# Freeloader wants help



## Biglol (Jul 16, 2007)

No I'm not scum. It I do like a free night now and again.

Heading for Portugal in Sept and we are driving down to the France / Spain border from Roscoff. We plan on taking a couple of weeks getting down to Portugal (Algarve). We are looking for anything of interest en route and also nice places to stay both free and campsites. LPG outlets in Portugal would be very useful
Many thanks in advance.

Biglol


----------



## TheNomad (Aug 12, 2013)

In Spain you can just pull up and park overnight anywhere (except right on the coast, which has a different national "Ley de Costas" law covering it), where parking of any vehicles is allowed.

Whether or not, having parked, you then decide to stay overnight/sleep in that vehicle is irrelevant under Spanish law.

Thus you can park up and stay overnight at the side of road, in car parks, on roadsides in housing estates, on the edge of villages etc etc: anywhere so long as you don't cause an obstruction, and you are only "parked" and don't "camp" (so no chairs/tables/awning/BBQ etc out side the van.
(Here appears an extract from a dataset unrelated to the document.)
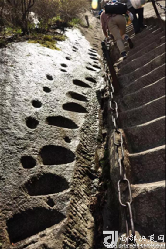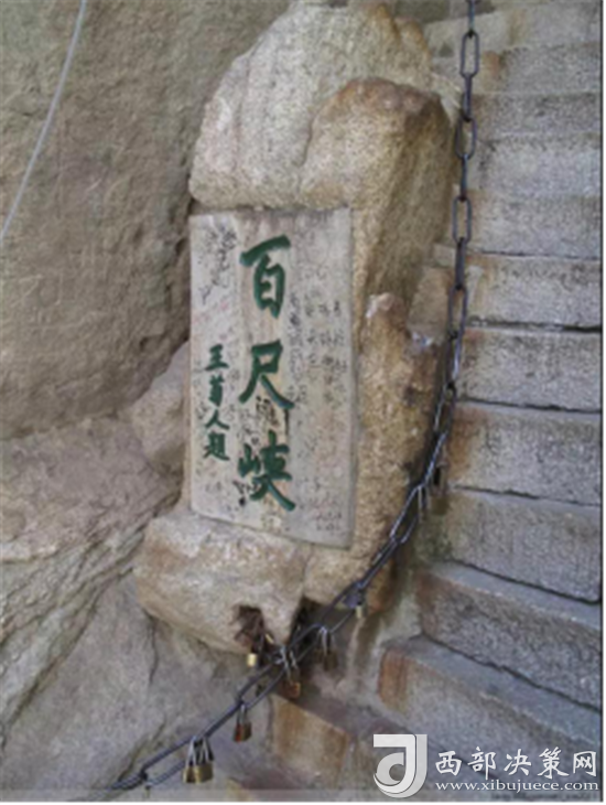 第二道險(xiǎn)關(guān)是百尺峽。這里兩壁高聳,中間夾著一塊從天而降的巨石,上刻“驚心石”三個(gè)大字,游人從石下小路穿過(guò),確實(shí)驚心動(dòng)魄。第三道險(xiǎn)關(guān)是老君犁溝,這是夾在陡峭石壁之間的一條溝狀險(xiǎn)道,有570多個(gè)石階。相傳這里原先根本沒(méi)有路,太上老君見了,就將手中的如意柄變成一張鐵犁, 又牽來(lái)青牛,一夜間犁成了這條山溝。傳說(shuō)青牛犁完溝后,見華山景色壯美,便化為石牛,永遠(yuǎn)地留在了華山之上。溝的盡頭是一道陡壁, 名為“猢猻愁”。顧名思義,連猴子都發(fā)愁,可見這里的山勢(shì)多么陡峭。

We very often park up overnight in a quiet side-road in/on the edge of Spanish cities/towns/villages, when travelling through or visiting them.


----------



## christine1310 (Apr 10, 2008)

Hi -

Spanish aire websites.

http://www.lapaca.org/es/areas-de-servicio

http://www.areasac.es/v_portal/apartados/apartado.asp

LPG website.

http://www.aoglp.com/index.php?option=com_wrapper&view=wrapper&Itemid=110

Portugese aires website

http://www.campingcarportugal.com/areasServico?l=english

LPG Portugal

http://www.autogas.pt/mapa/#

You can also find some info on my site below.

Hope this helps.

Christine


----------



## Kev1 (Apr 4, 2011)

That's great info from everyone


----------



## Biglol (Jul 16, 2007)

Many thanks for that Christine. I see no LPG in Portugal , is this correct?


----------



## TheNomad (Aug 12, 2013)

Biglol said:


> Many thanks for that Christine. I see no LPG in Portugal , is this correct?


No. Not correct.

Click on the link she gave. To the left of the map there are two pin-buttons.

Click on the one saying "postos de abestecimento com GPL em Portugal" to see the map populated with all the sites in Portugal.

Click on the other pin to see all the sites in Spain.


----------